Sunday, March 11, 2012

Catfish


Yaniv Schulman, Angela Wesselman
Directed by Henry Joost and Ariel Schulman
Rating: C

In late 2007, Yaniv Schulman began corresponding with an eight-year-old girl, Abby, and her mother after seeing her paintings she drew based off his photographs. Yaniv made regular phone calls with the mother, Angela, and began getting involved with the family, making contact with Angela's oldest daughter, Megan, and talking on Facebook. After eight months of getting to know each other, Yaniv starts to become suspicious when a song Megan claimed she wrote sounded exactly like another artist. Yaniv decided to visit Megan, Abby, and Angela in Michigan to get the story straight.

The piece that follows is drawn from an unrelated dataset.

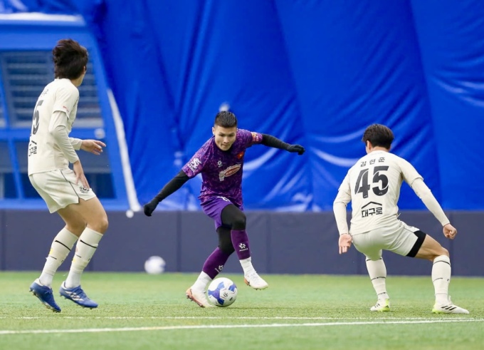 Nguyễn Quang Hải (giữa) mở tỷ số trong trận đấu tập Việt Nam thắng Daegu FC 2-0,vào trưa 29/11 tại Hàn Quốc. Ảnh: Đoàn Huynh

"Catfish" is a real documentary and sheds light on how easy people can deceive you through means of Facebook and phone calls. Yaniv would call Megan fairly regularly and they had a romantic relationship through talking on the phone and texting, yet they have never met each other. Yaniv starts to put the pieces together after investigating Abby's art gallery and finds out the building is vacant.

I think in most situations, people wouldn't have handled Yaniv's situation as calmly as he did. Yaniv finds out that Angela is the one who painted the pictures and while Abby and Megan are really her daughters, Angela hadn't talked to Megan in years. It's sad and it makes you pity Angela for the life she lives and for making up such a huge story. She led Yaniv on to think Megan was really someone interested in him but it makes you pity her because she must be a desperate person to do that. Yaniv doesn't think so. He spends a few days with her, getting the story straight but never expressing anything other than sympathy.

I'm not quite sure why anyone would want to watch this documentary. It's a little slow and in the beginning there's not much of a point to watch it until you get wrapped up in the drama. I wouldn't recommend watching this unless you want to experience the drama yourself.